START DATA RECORDS

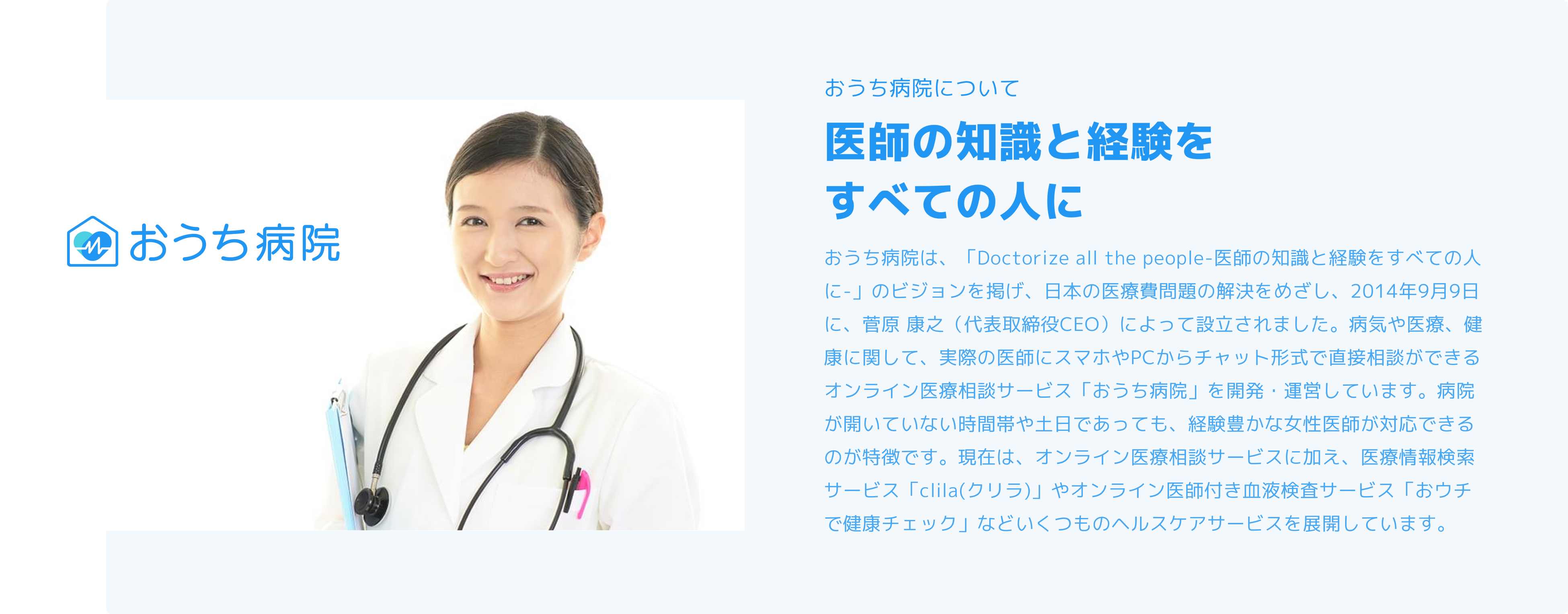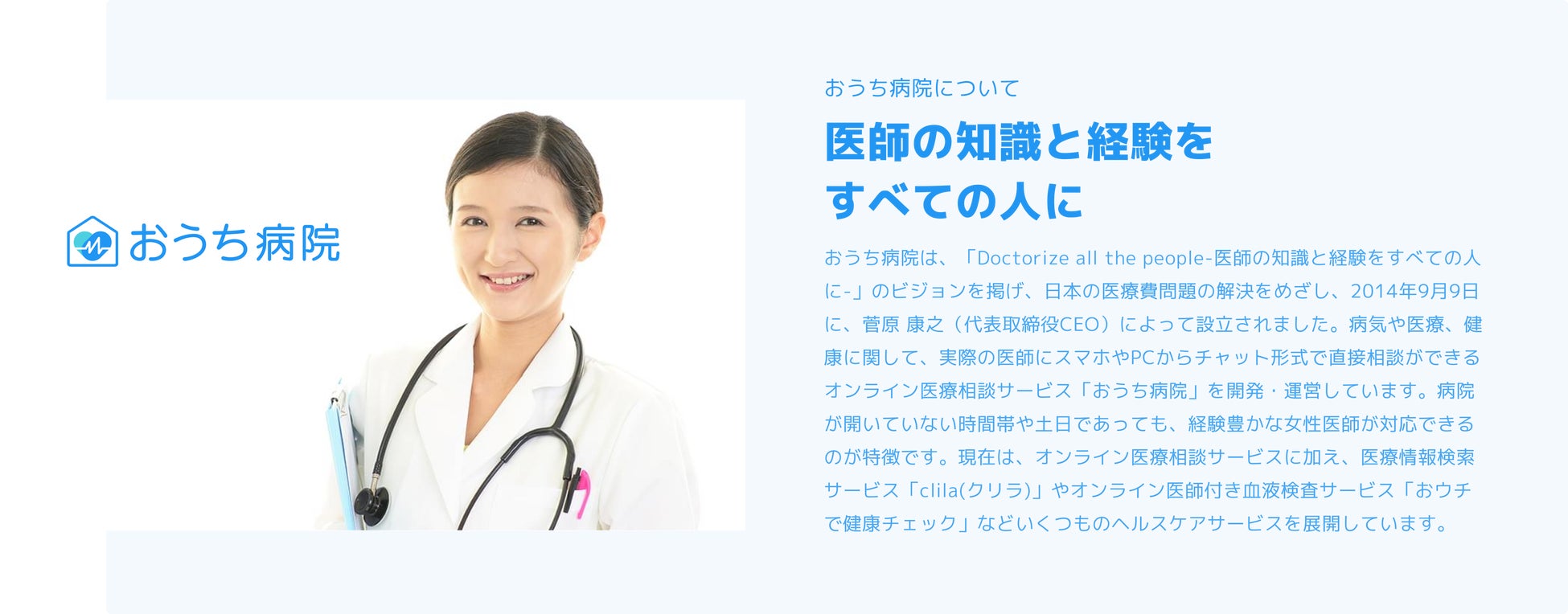事業内容:オンライン診療・医療相談を提供する「おうち病院」の開発・運営など
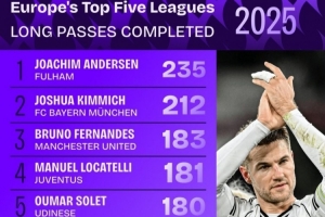 體育資訊1月1日訊 2025年已經(jīng)結(jié)束,數(shù)據(jù)機(jī)構(gòu)squawka也統(tǒng)計(jì)了2025年成功長(zhǎng)傳情況,富勒姆的后衛(wèi)安諾森領(lǐng)跑。
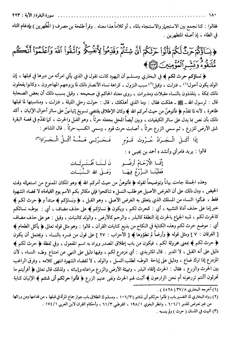 البقرة : ( 223 ) نساؤكم حرث لكم . . . . .
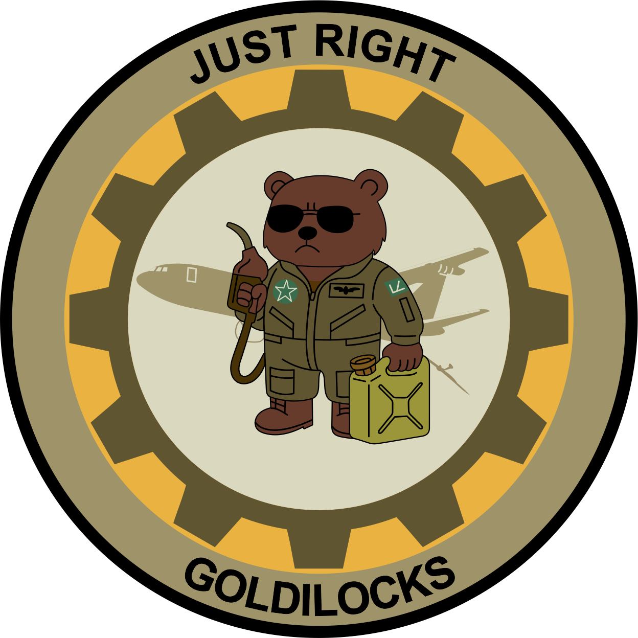 Travis AFB 660 AMXS Khaki Background, Black Border, Green Gear, Bear In Flightsuit, Just Right Goldilocks Text, Patch 4"
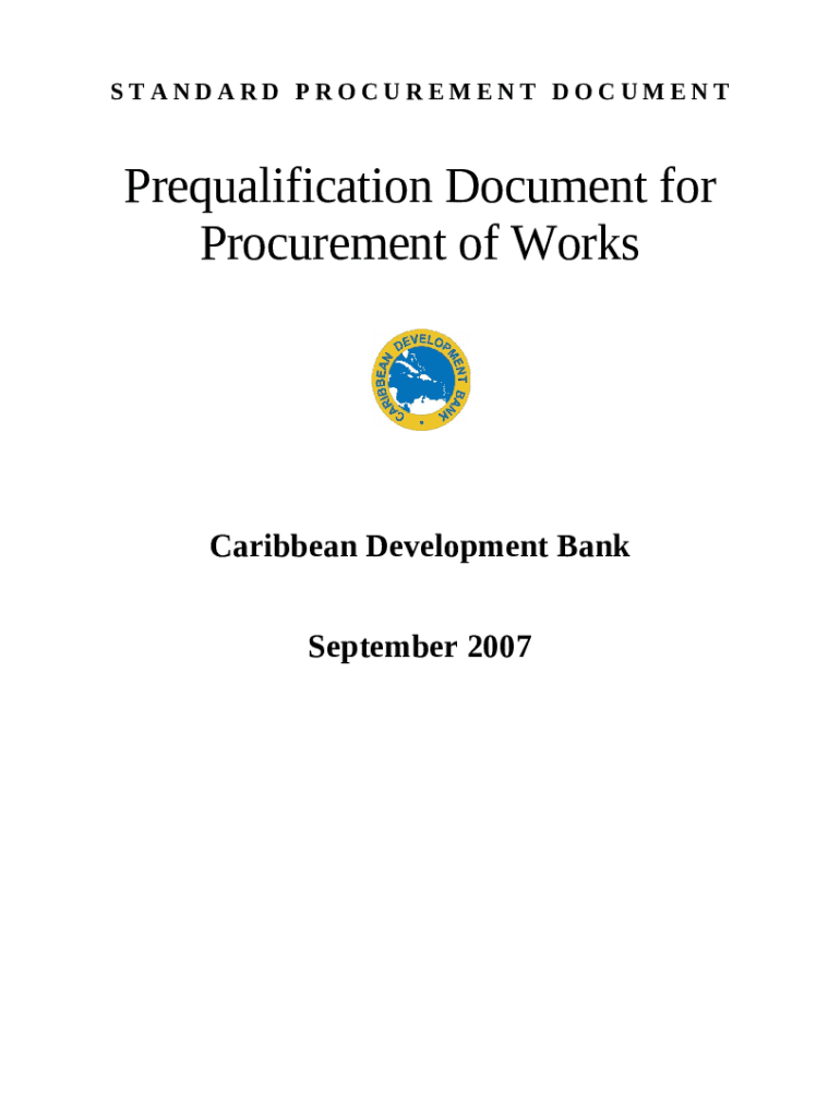 What is This Standard Procurement Document "Prequalification Document for Procurement of Works has been prepared by the Caribbean Development Bank (CDB) and is based on the Master Procurement Document "Prequalification Document for Procurement of W Form?
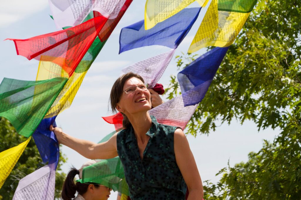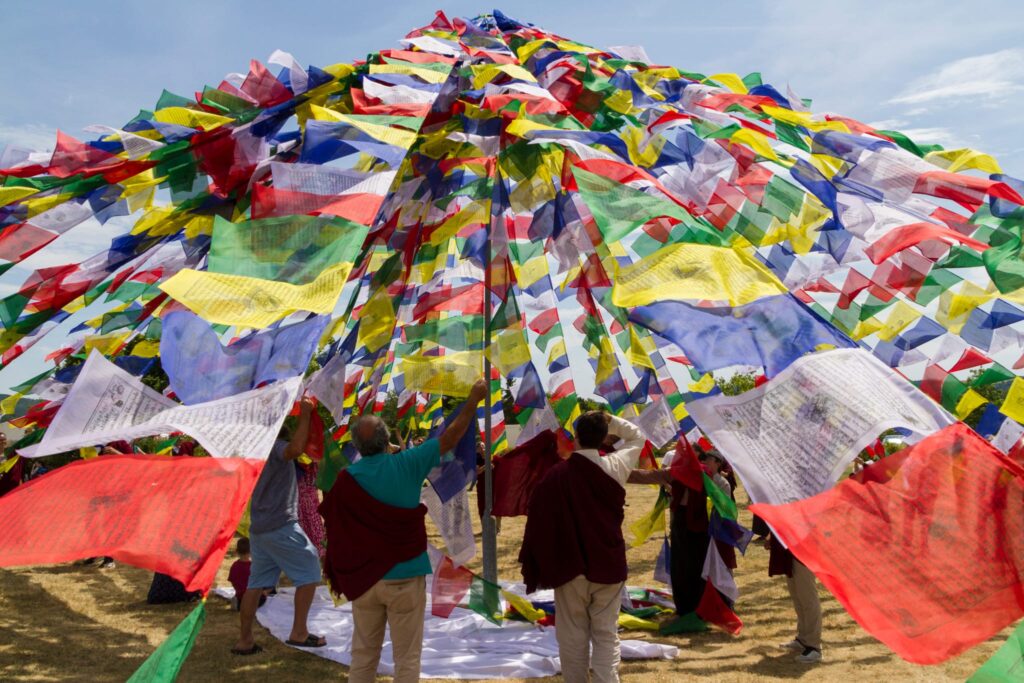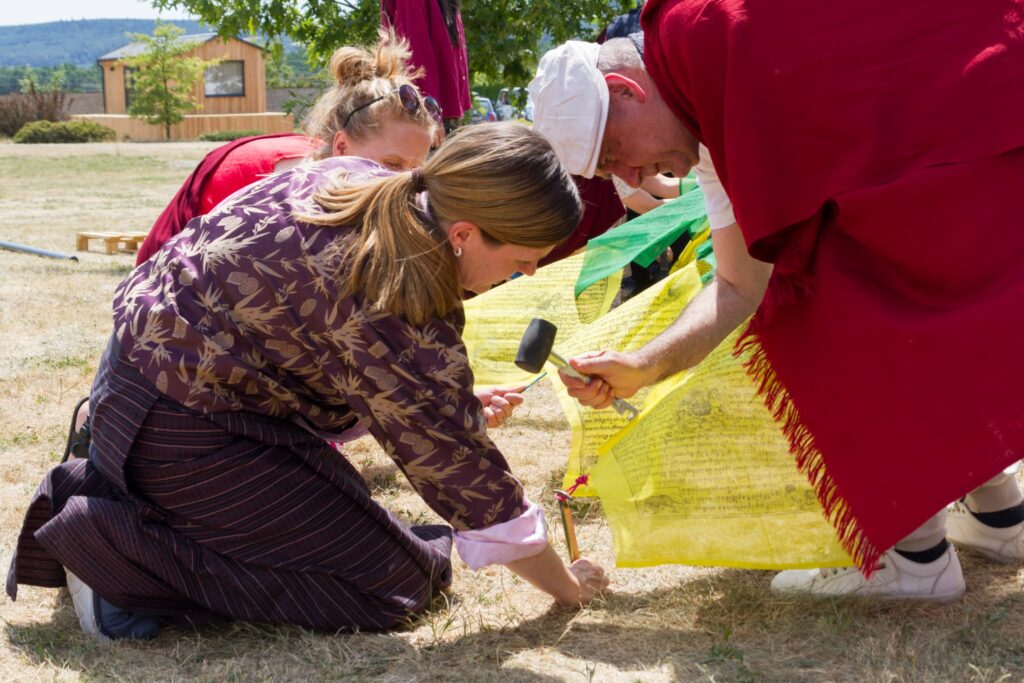 The chö gar was established following all proper rituals for making offerings and preparing the land. Following this, the sangha raised lungta flags and joyfully shouted the traditional “Kiki Soso!” for the tendrel of long life.

END DATA RECORDS

» ACTION ITEM:
Give the lines again exactly, starting where the entries begin and stopping once the line with "Travis AFB 660" is included; pictures are not copied.

» RESPONSE:
事業内容:オンライン診療・医療相談を提供する「おうち病院」の開発・運営など
 體育資訊1月1日訊 2025年已經(jīng)結(jié)束,數(shù)據(jù)機(jī)構(gòu)squawka也統(tǒng)計(jì)了2025年成功長(zhǎng)傳情況,富勒姆的后衛(wèi)安諾森領(lǐng)跑。
 البقرة : ( 223 ) نساؤكم حرث لكم . . . . .
 Travis AFB 660 AMXS Khaki Background, Black Border, Green Gear, Bear In Flightsuit, Just Right Goldilocks Text, Patch 4"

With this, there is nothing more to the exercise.